Времени здесь не существовало, а вся жизнь человеческая была заключена в сорокаметровое обетоненное пространство, пропитанное органической вонью, с черной ночью за окнами и голой яркой лампочкой под потолком. Антонина и не думала о времени, зачем она здесь, ни сразу, ни потом не понимала, лишь ощущала, что у нее есть другое, радовалась, что навсегда здесь остаться бы не смогла. Она уставала и, отмолчав свое, начинала говорить:
— Как же вы так живете? Да разве можно так жить? Вот ты, например, — обращалась к стройному черноволосому парню с глубокими синими глазами и печатью злобы на лице. — У тебя, наверно, семья, дети есть. Сколько у тебя детей?
— Двое, — растерянно-злобно отвечал он.
— Ну вот. А ты здесь. Зачем? А вы, — обращалась она к сидящему рядом на полу пожилому, хозяину квартиры. — Такая квартира у вас. Не одному же вам ее дали. Где ваша семья?
— Ты помолчи, помолчи лучше. — Пожилой отодвигался от нее. — Пришла, дак молчи.
Нет, ей не молчалось. Она говорила, обличая и жалея их. Они слышали, она говорила громко, некоторые выходили из комнаты, другие начинали яриться. «Падла, сука, заткнись», — наскакивал на нее тот, с глубокими синими глазами. Он бы ударил ее, мог и избить. Пожилой вступился, невысокий, похожий на колхозного бригадира из ее детства, дядька. Спасайся, девочка.

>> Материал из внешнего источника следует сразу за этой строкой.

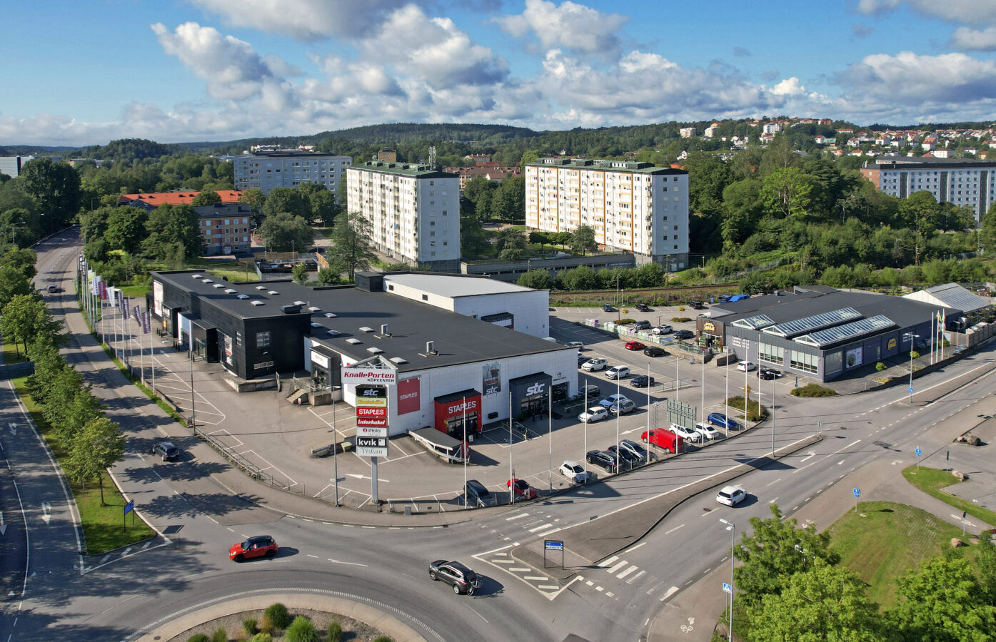 Fastigheten rymmer handel och friskvårdsytor, nära till centrum, Högskola, Knalleland, Borås Arena samt naturreservatet Rya Åsar.

Она старалась выскользнуть из квартиры незаметно, молодой бросился ее не пускать, говорил гадости, она больше не спорила с ним, пугалась, кое-как ей всегда удавалось вырваться, она запыхавшись бежала по темным лестницам, пряталась за мусоропроводом и прислушивалась. И снова бежала по черному городу, не разбирая тротуаров, вязла в глубоком снегу, многоэтажки оживали ранними огнями, и оставалось немного.